# Jon boat,fly rod,red fish,help!



## MAKAI (Jan 5, 2016)

Buying a jon boat and wondering if any one has put a pole platform on one want to use it to go after reds on the cost( haven't got a dam one wading)I am still figuring this red fish/inshore salt fly fishing thing out thanks for any help

ALOHA

Sent from my SAMSUNG-SGH-I537 using Tapatalk


----------



## Ish (Oct 30, 2008)

jon boats are difficult to fish the flats in, mainly because they are loud and have a lot of hull slap. if you go the jon route, try to find one that has a v front to it so it'll track a little better and you won't get as much hull slap.

personally i would not put a platform on a little boat like that for fishing the tx flats, but that's just me. sure you can see fish better, but they can see you better too. i'd just stand back by the motor and use a ~13-14' pole and push from there. if you need to get higher while fishing deeper water, you can always put your RTIC cooler back there and stand on that.

pm me if you're interested in an alternative that would work better for you.


----------



## JKD (May 30, 2009)

Here's one I was looking at copying. For going the route of not burning metal together seems to work pretty well. I won't bend the back tube if I do it so there is less motor hanging out the back.
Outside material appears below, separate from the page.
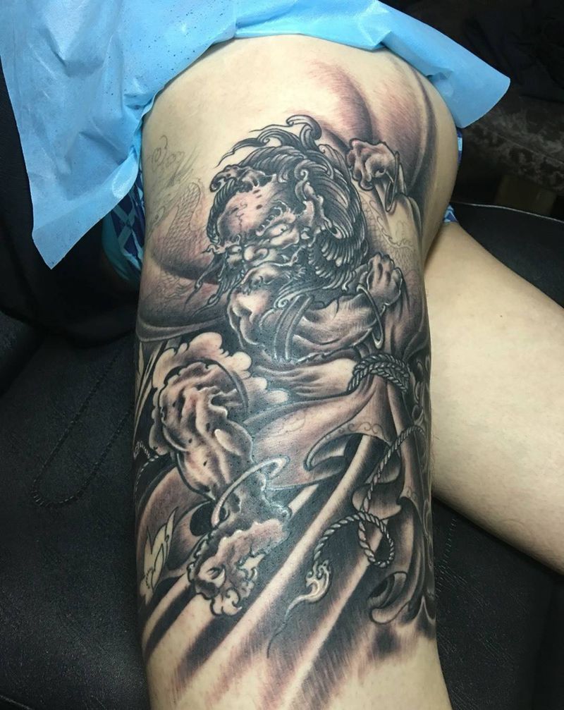 当前位置: 首页 >浙江省温州市纹身店-道格刺青纹身图案>风神完成,耗时5小时。纹身图片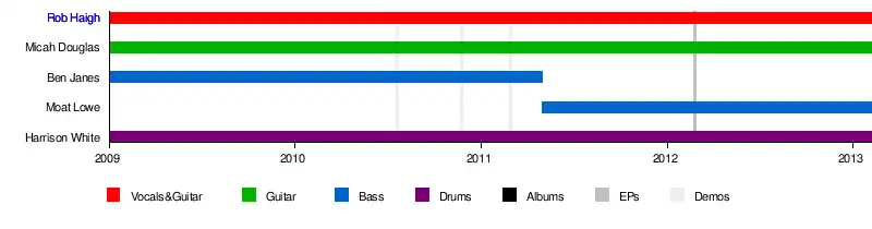 - Rob Haigh – vocals, guitar (2009–2013)

http://www.2coolfishing.com/ttmbforum/showthread.php?t=229463


----------



## MAKAI (Jan 5, 2016)

JKD said:


> Here's one I was looking at copying. For going the route of not burning metal together seems to work pretty well. I won't bend the back tube if I do it so there is less motor hanging out the back.
> 
> http://www.2coolfishing.com/ttmbforum/showthread.php?t=229463


Mahalo

Sent from my SAMSUNG-SGH-I537 using Tapatalk


----------



## southpaw (Feb 25, 2009)

I'm also one that kinda thinks poling platforms are unnecessary for most TX flats fishing, especially if you're fishing solo. So I would opt for not putting one on and just standing on a cooler for those times you want a little more elevation.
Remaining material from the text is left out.